Freebase has 1.2 billion facts. Wikidata has 100 million. Google's Knowledge Graph has trillions. These databases — called knowledge graphs (KGs) — store facts as triples: (head entity, relation, tail entity). (Barack Obama, bornIn, Hawaii). (Marie Curie, wonPrize, Nobel Prize in Physics).
But they're massively incomplete. An analysis of Freebase found that 71% of people have no recorded place of birth. 75% have no nationality. The knowledge is there — scattered in Wikipedia articles, news archives, books — but not yet structured into triples. The task of knowledge graph completion (also called link prediction) is: given a KG with missing facts, predict which triples are likely true.
The naive approach is a massive boolean matrix: rows = all entities, columns = (relation, entity) pairs, cell = 1 if the fact exists. For 1M entities and 1000 relation types, this matrix has 10¹² entries — mostly zero, completely uncompressible. We need embeddings: dense vectors that capture the patterns.
TransE's idea is almost absurdly simple. Represent every entity and every relation as a vector in the same d-dimensional space. Then enforce this constraint: for a true fact (h, r, t), the embedding of h plus the embedding of r should approximately equal the embedding of t.
Think of it geometrically: entities are points. Relations are arrows. The arrow for "capital-of" should point from every country toward its capital city. Start at Germany (a vector), add "capital-of" (another vector), and you should land near Berlin (a third vector).
This mirrors the famous Word2Vec analogy: King − Man + Woman ≈ Queen. The same principle — relationships live in vector arithmetic — works surprisingly well for structured facts in knowledge graphs.
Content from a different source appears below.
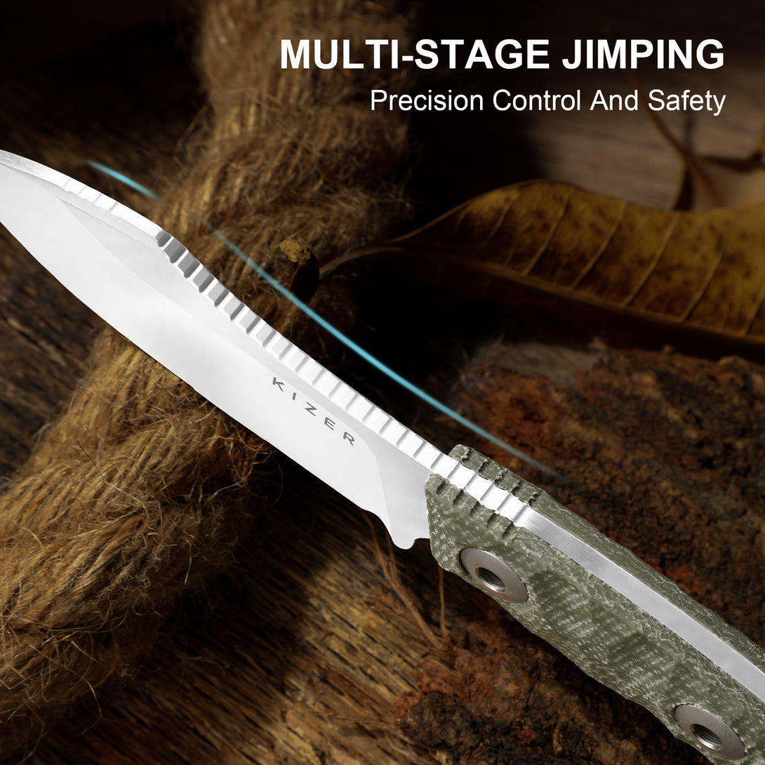 The multi-stage jimping along the spine delivers precise control for detailed work while preventing slips to enhance safety. This ensures a secure and comfortable grip across various cutting scenarios.

Drag the relation vector (orange arrow). Watch where h + r lands relative to t. The loss is the distance between h+r and t.
To complete the knowledge graph, you need to score candidate triples: "how likely is (h, r, t) to be a true fact?" TransE uses the dissimilarity of h+r from t as the score — lower is better:
If h + r lands exactly at t, the score is 0 — perfect. If they're far apart, the score is large — unlikely fact. The paper evaluates both L1 (Manhattan distance, sum of absolute differences) and L2 (Euclidean distance) norms, with L1 performing slightly better in practice.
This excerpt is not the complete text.